Overview
The increased availability of massive codebases, sometimes referred to as "Big Code", creates a unique opportunity for new kinds of programming tools and techniques based on statistical models. These approaches will extract useful information from existing codebases and will use that information to provide statistically likely solutions to problems that are difficult or impossible to solve with traditional techniques.

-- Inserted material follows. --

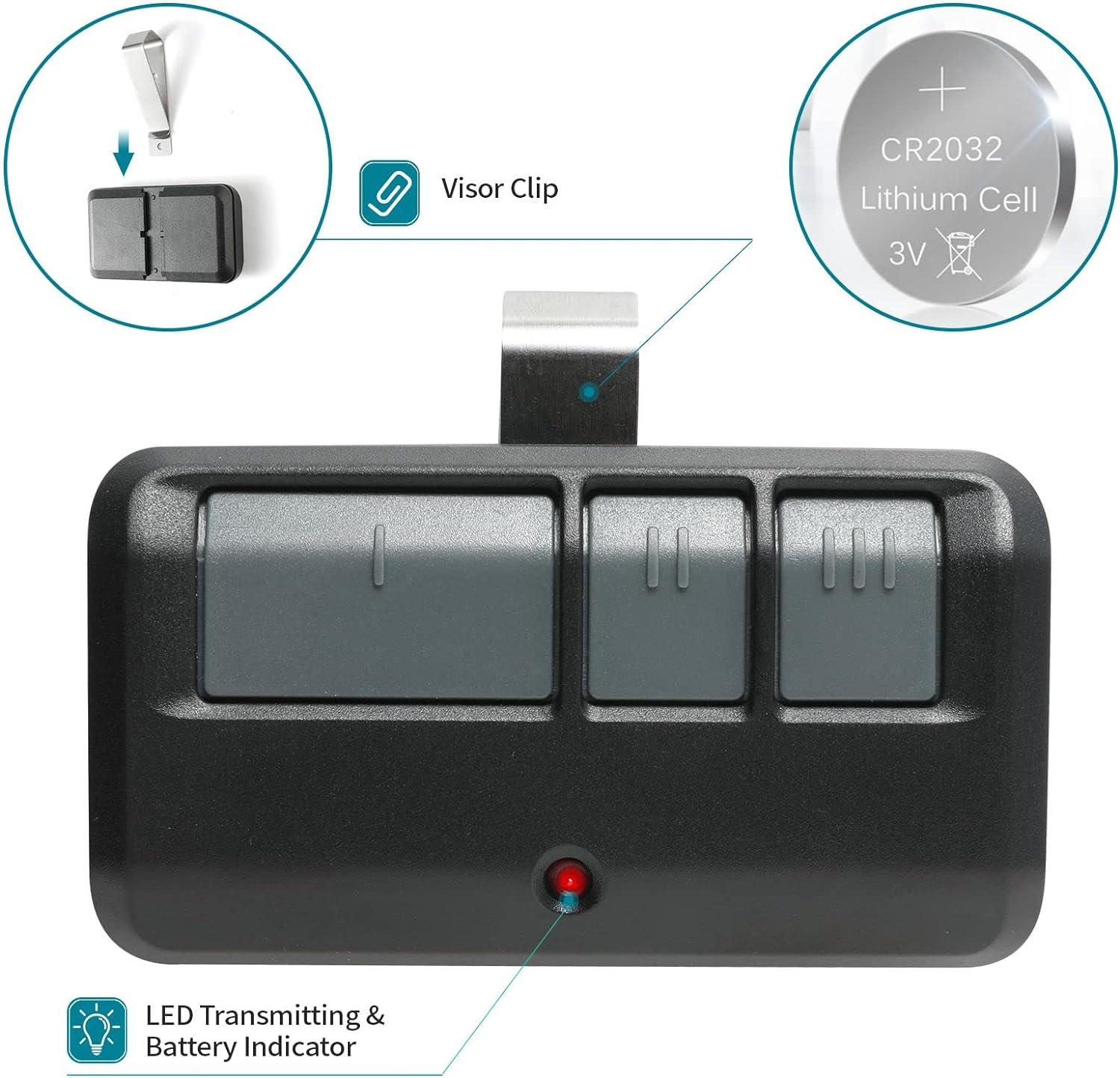 - 【3-Button】The garage door opener remote has 3 buttons that can control 3 different garage door opener respectively. it’s the easy option for adding an extra remote to multi-car families or for replacing lost or broken remotes.

The tutorial is self-contained and will include both:
- Theory: an introduction to several machine learning models suitable for learning from programs, and
- Practice: a hands-on session showing how to apply the theory for building statistical programming tools.
For this task, we will use the recently released Nice2Predict framework.
Tutorial Slides
The slides for the tutorial are available here.
Objectives
By the end of the tutorial, the participant should have:
- Learned the fundamentals, pros and cons of several machine learning models.
- Learned how to combine these models with programming languages concepts.
- Learned how to build a statistical programming tool using the concepts in the tutorial.
Tutorial Outline:
Theory (Part I)
- Machine Learning Models: Graphical models (e.g., Markov Networks, Conditional Random Fields) and Language models (e.g., n-gram models)
- Prediction/Inference: MAP inference, Max-marginals, Belief Propagation, Optimal and Approximate algorithms.
- Training/Learning: Discriminative and generative training; Structured SVM learning, Dealing with partition functions, Asymptotic complexity
Practice (Part II)
- Learning from Programs with Graphical Models
- Building a statistical programming tool using the Nice2Predict framework.